Et Capestang rengaina son poignard !...

Richelieu sortit du cabinet. Par un héroïque effort, il commanda à son visage de n’exprimer plus qu’une parfaite indifférence, un souverain dédain ; d’un pas ferme, il marcha dans un couloir éclairé jusqu’à la porte de la chambre où était enfermée Marion Delorme. Richelieu ouvrit la porte !

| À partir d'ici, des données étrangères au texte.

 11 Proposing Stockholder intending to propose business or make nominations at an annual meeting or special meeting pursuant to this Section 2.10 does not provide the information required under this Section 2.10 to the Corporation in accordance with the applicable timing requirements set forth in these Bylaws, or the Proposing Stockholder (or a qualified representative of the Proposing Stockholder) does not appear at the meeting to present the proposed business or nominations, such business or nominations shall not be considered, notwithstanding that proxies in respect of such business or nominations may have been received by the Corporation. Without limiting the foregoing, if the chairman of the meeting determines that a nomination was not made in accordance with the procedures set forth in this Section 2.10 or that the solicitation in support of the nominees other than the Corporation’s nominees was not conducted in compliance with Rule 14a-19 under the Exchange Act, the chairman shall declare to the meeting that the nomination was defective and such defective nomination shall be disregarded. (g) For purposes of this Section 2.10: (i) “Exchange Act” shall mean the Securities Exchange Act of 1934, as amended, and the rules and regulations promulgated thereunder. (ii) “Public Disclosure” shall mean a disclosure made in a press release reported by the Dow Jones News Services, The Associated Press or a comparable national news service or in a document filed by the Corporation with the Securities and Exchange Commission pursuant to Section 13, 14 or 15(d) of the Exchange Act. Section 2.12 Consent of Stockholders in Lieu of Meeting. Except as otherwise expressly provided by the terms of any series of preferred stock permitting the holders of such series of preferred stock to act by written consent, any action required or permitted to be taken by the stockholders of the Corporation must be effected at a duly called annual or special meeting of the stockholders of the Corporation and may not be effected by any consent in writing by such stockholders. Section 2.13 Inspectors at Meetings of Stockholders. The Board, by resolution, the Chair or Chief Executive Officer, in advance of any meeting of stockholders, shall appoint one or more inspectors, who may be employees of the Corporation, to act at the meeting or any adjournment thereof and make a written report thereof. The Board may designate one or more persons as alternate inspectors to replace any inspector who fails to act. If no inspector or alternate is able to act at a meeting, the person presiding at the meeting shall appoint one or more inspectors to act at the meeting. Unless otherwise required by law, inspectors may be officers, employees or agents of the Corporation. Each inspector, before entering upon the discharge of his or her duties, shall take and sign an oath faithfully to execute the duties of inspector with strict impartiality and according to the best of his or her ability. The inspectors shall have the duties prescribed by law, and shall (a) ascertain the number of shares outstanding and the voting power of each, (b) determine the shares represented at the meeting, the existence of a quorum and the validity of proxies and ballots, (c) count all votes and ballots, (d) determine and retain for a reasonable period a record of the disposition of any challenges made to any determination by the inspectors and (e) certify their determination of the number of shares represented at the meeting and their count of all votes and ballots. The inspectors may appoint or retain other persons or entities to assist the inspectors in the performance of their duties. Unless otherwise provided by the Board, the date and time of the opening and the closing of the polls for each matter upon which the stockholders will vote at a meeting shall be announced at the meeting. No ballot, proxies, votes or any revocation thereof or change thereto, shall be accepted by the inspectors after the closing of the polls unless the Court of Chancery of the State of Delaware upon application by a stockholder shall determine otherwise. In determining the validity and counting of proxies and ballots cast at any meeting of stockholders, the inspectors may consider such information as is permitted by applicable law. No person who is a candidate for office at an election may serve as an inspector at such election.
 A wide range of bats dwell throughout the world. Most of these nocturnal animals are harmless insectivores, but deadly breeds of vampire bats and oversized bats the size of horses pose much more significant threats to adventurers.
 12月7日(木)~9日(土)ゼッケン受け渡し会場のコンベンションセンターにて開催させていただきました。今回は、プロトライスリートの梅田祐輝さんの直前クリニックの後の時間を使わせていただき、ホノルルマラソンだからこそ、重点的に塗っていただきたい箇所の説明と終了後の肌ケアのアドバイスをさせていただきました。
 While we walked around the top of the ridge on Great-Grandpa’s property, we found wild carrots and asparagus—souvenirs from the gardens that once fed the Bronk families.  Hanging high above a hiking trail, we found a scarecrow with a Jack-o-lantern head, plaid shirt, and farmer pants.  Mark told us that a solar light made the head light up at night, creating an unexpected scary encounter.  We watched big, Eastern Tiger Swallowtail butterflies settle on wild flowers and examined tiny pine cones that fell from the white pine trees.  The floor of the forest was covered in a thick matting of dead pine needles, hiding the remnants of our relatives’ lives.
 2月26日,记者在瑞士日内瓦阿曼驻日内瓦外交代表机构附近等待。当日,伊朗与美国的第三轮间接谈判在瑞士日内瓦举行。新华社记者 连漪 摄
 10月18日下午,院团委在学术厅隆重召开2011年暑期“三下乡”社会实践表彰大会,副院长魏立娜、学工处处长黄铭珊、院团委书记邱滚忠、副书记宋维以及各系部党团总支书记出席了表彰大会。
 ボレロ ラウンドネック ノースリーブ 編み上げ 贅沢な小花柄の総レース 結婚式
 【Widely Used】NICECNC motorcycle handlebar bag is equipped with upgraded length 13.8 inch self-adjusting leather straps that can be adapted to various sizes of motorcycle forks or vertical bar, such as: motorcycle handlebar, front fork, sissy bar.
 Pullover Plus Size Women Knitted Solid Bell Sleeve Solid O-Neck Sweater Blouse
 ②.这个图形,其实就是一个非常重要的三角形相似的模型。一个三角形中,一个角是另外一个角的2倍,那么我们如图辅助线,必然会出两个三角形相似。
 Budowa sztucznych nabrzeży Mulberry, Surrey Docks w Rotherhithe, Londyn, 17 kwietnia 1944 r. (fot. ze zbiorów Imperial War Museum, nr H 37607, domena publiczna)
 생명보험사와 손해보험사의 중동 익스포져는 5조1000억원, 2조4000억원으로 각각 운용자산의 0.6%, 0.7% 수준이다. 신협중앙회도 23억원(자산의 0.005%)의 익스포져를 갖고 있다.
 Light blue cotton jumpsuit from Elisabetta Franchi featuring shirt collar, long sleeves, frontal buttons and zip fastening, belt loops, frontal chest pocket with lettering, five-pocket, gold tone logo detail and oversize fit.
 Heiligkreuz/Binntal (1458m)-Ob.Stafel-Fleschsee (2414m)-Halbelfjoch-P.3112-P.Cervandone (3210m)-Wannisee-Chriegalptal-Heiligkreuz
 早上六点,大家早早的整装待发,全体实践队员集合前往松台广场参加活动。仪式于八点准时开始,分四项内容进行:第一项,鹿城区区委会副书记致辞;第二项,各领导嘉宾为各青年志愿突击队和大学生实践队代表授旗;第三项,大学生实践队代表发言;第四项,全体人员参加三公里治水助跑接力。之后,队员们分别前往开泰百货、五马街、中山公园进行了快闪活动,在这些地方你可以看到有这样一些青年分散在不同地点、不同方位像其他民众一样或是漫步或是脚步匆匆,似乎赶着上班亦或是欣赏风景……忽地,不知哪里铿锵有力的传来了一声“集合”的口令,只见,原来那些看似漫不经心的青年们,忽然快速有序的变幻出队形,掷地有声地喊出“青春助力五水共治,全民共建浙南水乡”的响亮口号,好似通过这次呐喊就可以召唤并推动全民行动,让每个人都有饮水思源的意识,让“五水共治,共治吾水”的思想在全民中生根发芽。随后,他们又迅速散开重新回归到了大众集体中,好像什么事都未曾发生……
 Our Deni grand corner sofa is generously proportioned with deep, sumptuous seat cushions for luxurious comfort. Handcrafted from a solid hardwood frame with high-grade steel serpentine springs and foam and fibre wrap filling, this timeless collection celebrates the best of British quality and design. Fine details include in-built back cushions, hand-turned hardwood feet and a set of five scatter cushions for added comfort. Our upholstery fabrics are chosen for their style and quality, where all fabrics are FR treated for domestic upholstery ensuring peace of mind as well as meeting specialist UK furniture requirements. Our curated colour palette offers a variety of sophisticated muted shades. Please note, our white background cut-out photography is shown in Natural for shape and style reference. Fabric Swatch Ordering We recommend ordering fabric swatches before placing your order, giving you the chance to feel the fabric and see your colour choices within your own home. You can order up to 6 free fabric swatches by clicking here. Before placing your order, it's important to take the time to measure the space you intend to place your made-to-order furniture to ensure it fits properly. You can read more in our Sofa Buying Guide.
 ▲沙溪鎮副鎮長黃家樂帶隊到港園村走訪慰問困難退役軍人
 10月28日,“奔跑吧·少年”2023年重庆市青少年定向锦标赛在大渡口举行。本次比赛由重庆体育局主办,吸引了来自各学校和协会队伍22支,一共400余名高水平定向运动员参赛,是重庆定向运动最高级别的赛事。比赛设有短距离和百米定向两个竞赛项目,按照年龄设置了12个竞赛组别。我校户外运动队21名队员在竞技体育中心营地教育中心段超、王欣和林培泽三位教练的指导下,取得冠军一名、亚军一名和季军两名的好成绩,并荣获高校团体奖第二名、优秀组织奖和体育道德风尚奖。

Marion était là, tout habillée. Depuis l’instant où on l’avait entraînée dans cette chambre, elle ne s’était pas déshabillée une fois !... Elle vit Richelieu ! Elle vit Capestang ! Et elle comprit ce qui venait de se passer ! Elle se leva, et, sans un mot, d’un mouvement de grâce charmante et fière, alla prendre le bras de Capestang.

"Monseigneur, dit le Capitan d’une voix calme, faites ouvrir à madame la porte de votre hôtel, et accompagnez-la jusque sur le quai."

Richelieu descendit.

"Madame, reprit le Capitan, veuillez pour le moment ne pas me tenir le bras : j’ai besoin de toute ma liberté de mouvement."

Marion obéit. Son cœur sautait dans son sein. Elle tremblait convulsivement - peut-être de terreur devant cette scène paisible qui dégageait de l’effroi, près de ces deux hommes si tranquilles qu’escortait la mort - ou peut-être d’admiration et d’amour ! Le suisse était près de la porte. Un coup d’œil incisif plongea, Richelieu inspecta la loge : il avait espéré que là... mais la loge du suisse était vide.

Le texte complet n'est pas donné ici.